* [PATCH] malloc: Move mmap code out of __libc_free hotpath
@ 2025-03-24 19:29 Wilco Dijkstra
2025-03-24 20:41 ` Florian Weimer
2025-03-24 22:16 ` DJ Delorie
0 siblings, 2 replies; 9+ messages in thread
From: Wilco Dijkstra @ 2025-03-24 19:29 UTC (permalink / raw)
To: 'GNU C Library'
Currently __libc_free checks for a freed mmap chunk in the fast path.

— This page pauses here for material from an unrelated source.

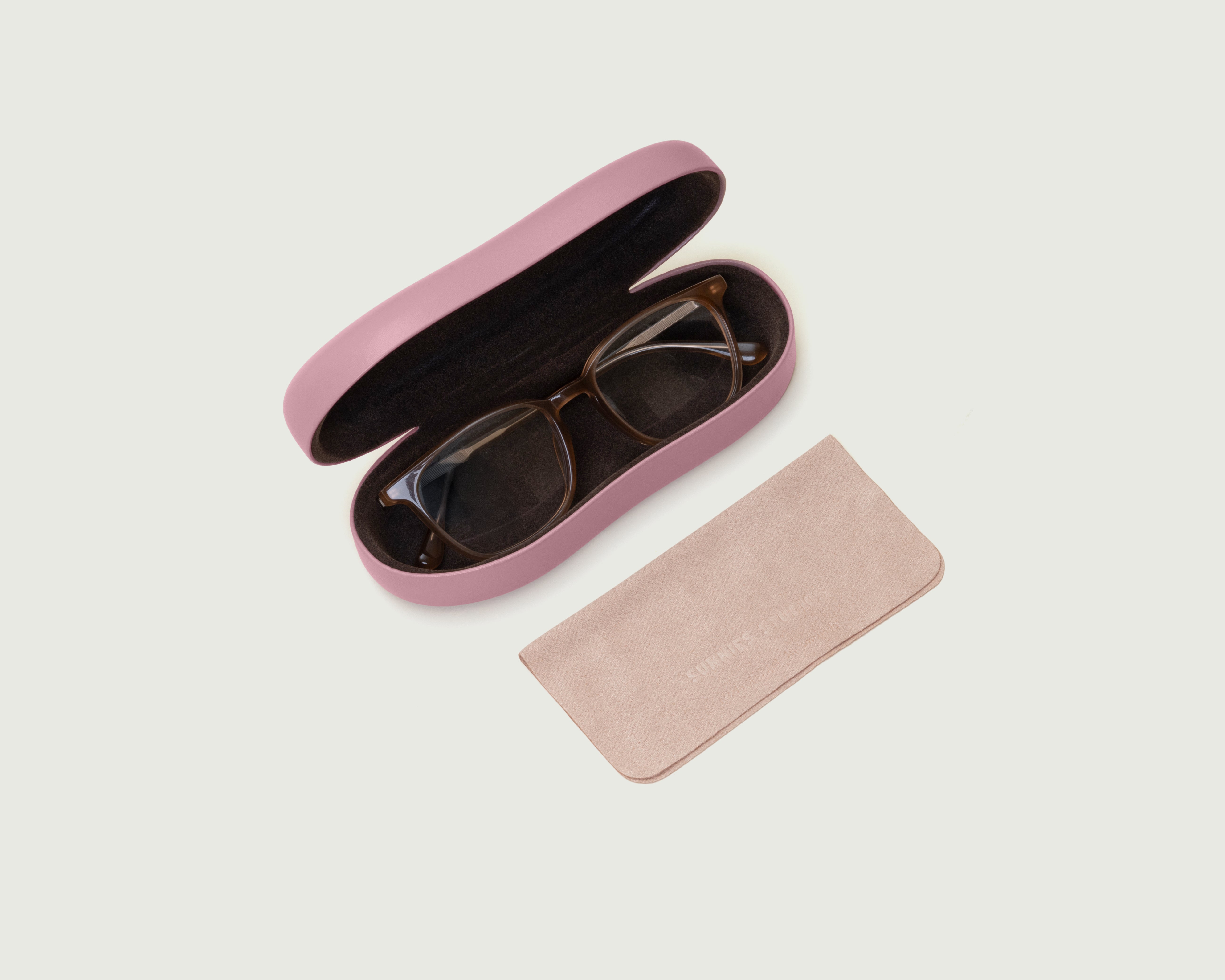 Keep your frames safe and secure in a pebble-inspired case that prevents damage. Fits one pair of eyewear and comes with a cleaning cloth.

Also errno is always saved and restored to preserve it. Since mmap chunks
are larger than the largest tcache chunk, it is safe to delay this and
handle tcache, smallbin and medium bin blocks first. Move saving of errno
to cases that actually need it.
Performance of bench-malloc-thread improves by 6.4% for 1 thread and
4.9% for 32 threads on Neoverse V2.
Passes regress, OK for commit?
---
diff --git a/malloc/malloc.c b/malloc/malloc.c
index b73ddbf554461da34d99258fae87c6ece6d175ba..f362227e68b78e25583aa971cb6ee131f44a92e5 100644
--- a/malloc/malloc.c
+++ b/malloc/malloc.c
@@ -3313,6 +3313,9 @@ tcache_init(void)
if (tcache_shutting_down)
return;
+ /* Preserve errno when called from free() - _int_malloc may corrupt it. */
+ int err = errno;
+
arena_get (ar_ptr, bytes);
victim = _int_malloc (ar_ptr, bytes);
if (!victim && ar_ptr != NULL)
@@ -3321,10 +3324,11 @@ tcache_init(void)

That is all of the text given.